■ Given material

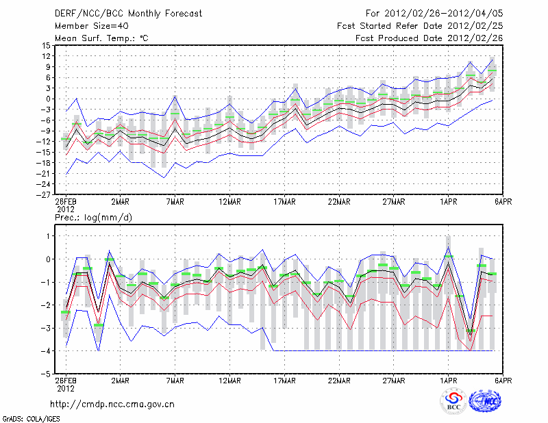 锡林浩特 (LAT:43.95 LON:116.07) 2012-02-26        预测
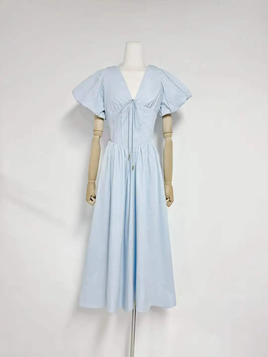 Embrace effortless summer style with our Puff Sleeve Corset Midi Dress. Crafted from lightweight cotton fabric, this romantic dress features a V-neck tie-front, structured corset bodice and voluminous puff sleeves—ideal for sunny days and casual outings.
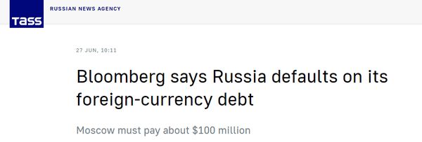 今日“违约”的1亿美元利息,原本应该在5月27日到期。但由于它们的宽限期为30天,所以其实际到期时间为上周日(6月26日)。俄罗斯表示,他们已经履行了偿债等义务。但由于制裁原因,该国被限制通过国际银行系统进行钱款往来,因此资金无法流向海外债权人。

■ Exercise goal
Beginning with the line that holds "Embrace effortless summer", write out exactly the lines down to the end of the material above, and no others. Pictures are not part of the copy.

■ Problem solution
 Embrace effortless summer style with our Puff Sleeve Corset Midi Dress. Crafted from lightweight cotton fabric, this romantic dress features a V-neck tie-front, structured corset bodice and voluminous puff sleeves—ideal for sunny days and casual outings.
 今日“违约”的1亿美元利息,原本应该在5月27日到期。但由于它们的宽限期为30天,所以其实际到期时间为上周日(6月26日)。俄罗斯表示,他们已经履行了偿债等义务。但由于制裁原因,该国被限制通过国际银行系统进行钱款往来,因此资金无法流向海外债权人。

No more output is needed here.